War of the Worlds by H.G. Wells is classic.


----------



## TWErvin2 (May 17, 2014)

Off the top of my head I cannot think of any fantasy titles.

However, with military SF, the Posleen War Series, (*A Hymn Before Battle*, *Gust Front*, *When the Devil Dances*, and *Hell's Faire*).

A near-term SF (which is very plausible) would be *One Second After*.


----------



## Svrtnsse (May 17, 2014)

Mass Effect 3 has you make decisions that can have some rather dire consequences for a very large number of individuals (ok, it's a game, but still).

Code Geass (anime) has a situation where things go unexpectedly wrong in spectacularly unpleasant ways.


----------



## Ireth (May 17, 2014)

As for movies, there's always Star Wars and Star Trek. Lots of 'splodey death and destruction there.


----------



## Pythagoras (May 18, 2014)

Also, you could look to mythology for this kind of thing. Granted, it's not technically fantasy, but how many fantasy writers are there that don't have some kind of background in mythology? 
Ragnarok in Norse mythology is literally the end of the world.
The cataclysmic flood is common to many world myths. 
From a certain perspective, the sack of Troy could be seen in this light. 
I'm blanking on other examples, but I'm sure everyone here would agree that world mythologies are a gold mine of disasters, as well as many other larger-than-life themes.


----------



## buyjupiter (May 18, 2014)

Off Armageddon's Reef (and the rest of the series), features one heck of a reset for humanity.


----------



## kayd_mon (May 19, 2014)

In a way, Mistborn has the most destruction of anything I can think of. 

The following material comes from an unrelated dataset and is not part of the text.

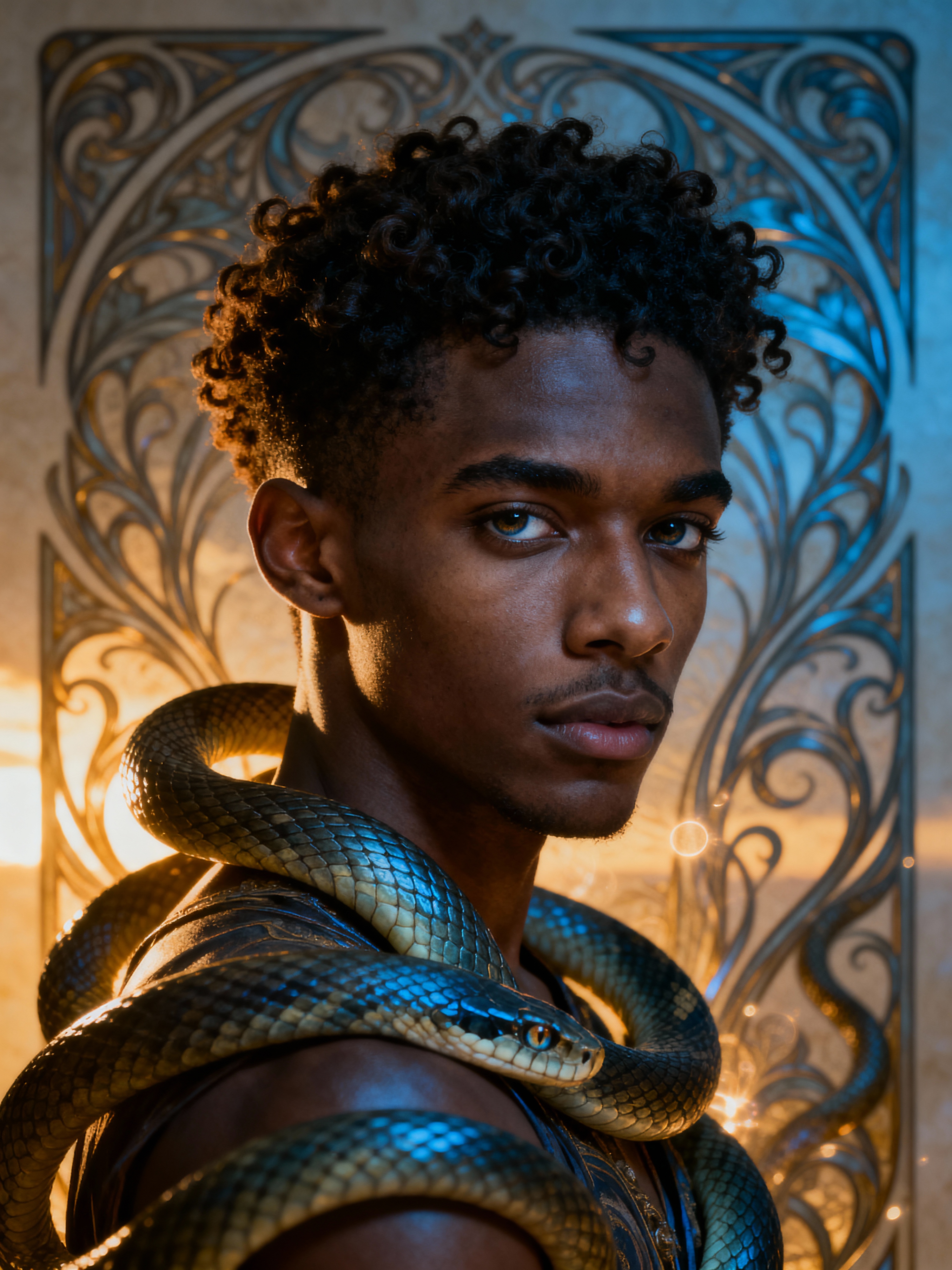 model with coiled serpents beautiful detailed romantic art nouveau of a model by alphonse mucha, kay nielsen, yoshitaka amano, and gustav klimt, hauntingly beautiful refined moody dreamscape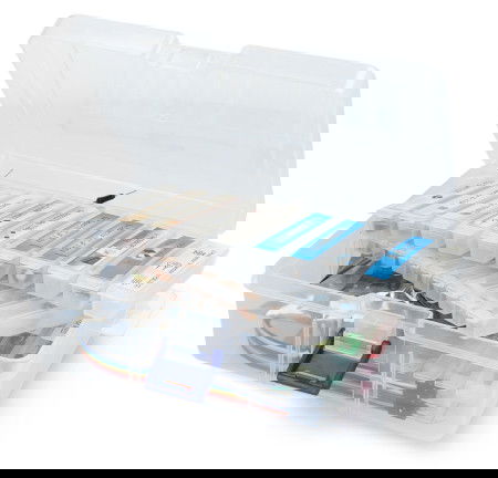 The Arduino Electronics Starter Kit is a complete set that's perfect for introducing you to the Arduino environment. Using it, you can expand your knowledge of the environment and create numerous electronic circuits.

The First Law trilogy features wanton destruction of both people and buildings. 

What about Incredible Hulk comics? Few things are more fun than Hulk Smash! 

Man of Steel had almost as much city destruction as Godzilla.


----------



## monyo (May 19, 2014)

By the end of _Fire Upon the Deep_ a good portion of the galaxy has been destroyed, though the destruction is only described up close a couple of times throughout, iirc.


----------



## Sheriff Woody (May 19, 2014)

monyo said:


> By the end of _Fire Upon the Deep_ a good portion of the galaxy has been destroyed, though the destruction is only described up close a couple of times throughout, iirc.




Nice. I have that one sitting on my shelf behind me, just waiting to be read. 

Thank you for all the suggestions! Please keep them coming. One can never have too much wanton pandemonium.


----------